12. References. All references in the Credit Agreement to “this Agreement” shall be deemed to refer to the Credit Agreement as amended hereby; and any and all references in the Security Documents to the Credit Agreement shall be deemed to refer to the Credit Agreement as amended hereby.
13. No Other Waiver. Except as set forth in Paragraph 8 hereof, the execution of this Amendment and acceptance of any documents related hereto shall not be deemed to be a waiver of any Default or Event of Default under the Credit Agreement or breach, default or event of default under any Security Document or other document held by the Lender, whether or not known to the Lender and whether or not existing on the date of this Amendment.
14. Release. The Borrower hereby absolutely and unconditionally releases and forever discharges the Lender, and any and all participants, parent corporations, subsidiary corporations, affiliated corporations, insurers, indemnitors, successors and assigns thereof, together with all of the present and former directors, officers, agents and employees of any of the foregoing, from any and all claims, demands or causes of action of any kind, nature or description, whether arising in law or equity or upon contract or tort or under any state or federal law or otherwise, which the Borrower has had, now has or has made claim to have against any such person for or by reason of any act, omission, matter, cause or thing whatsoever arising from the beginning of time to and including the date of this Amendment, whether such claims, demands and causes of action are matured or unmatured or known or unknown.

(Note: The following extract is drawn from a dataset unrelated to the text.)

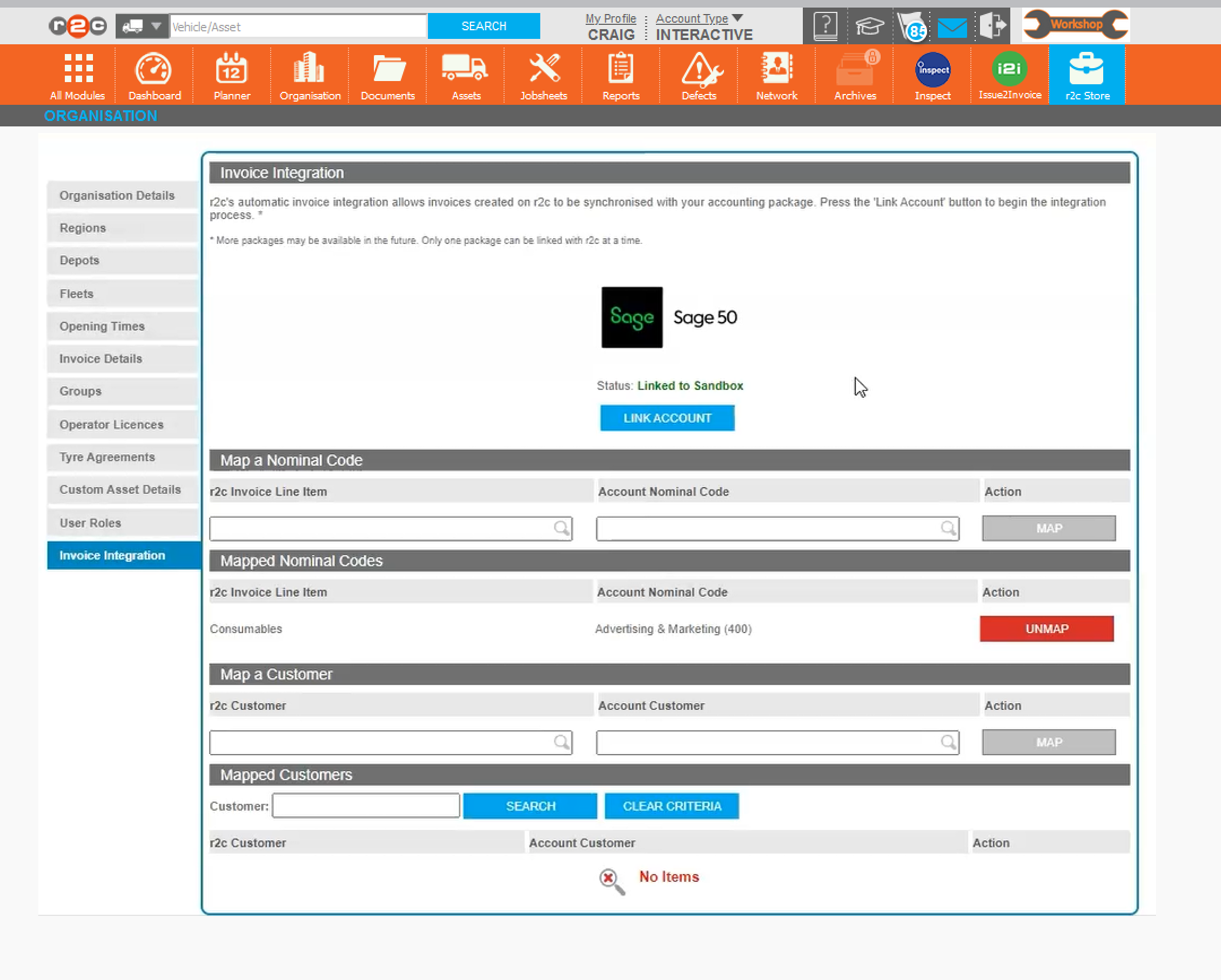 The invoice integration settings are only accessible by the finance administrator roles in the workshop or R&M provider accounts. Once configured these settings will only need to be updated when a nominal code changes or a new customer added. Note: If you do not have the finance administrator role, please get in touch with your account manager.

15. Costs and Expenses. The Borrower hereby reaffirms its agreement under the Credit Agreement to pay or reimburse the Lender on demand for all costs and expenses incurred by the Lender in connection with the Loan Documents, including without limitation all reasonable fees and disbursements of legal counsel. Without limiting the generality of the foregoing, the Borrower specifically agrees to pay all fees and disbursements of counsel to the Lender for the services performed by such counsel in connection with the preparation of this Amendment and the documents and instruments incidental hereto. The Borrower hereby agrees that the Lender may, at any time or from time to time in its sole discretion and without further authorization by the Borrower, make a loan to the Borrower under the Credit Agreement, or apply the proceeds of any loan, for the purpose of paying any such fees, disbursements, costs and expenses and the fee required under Paragraph 9 hereof.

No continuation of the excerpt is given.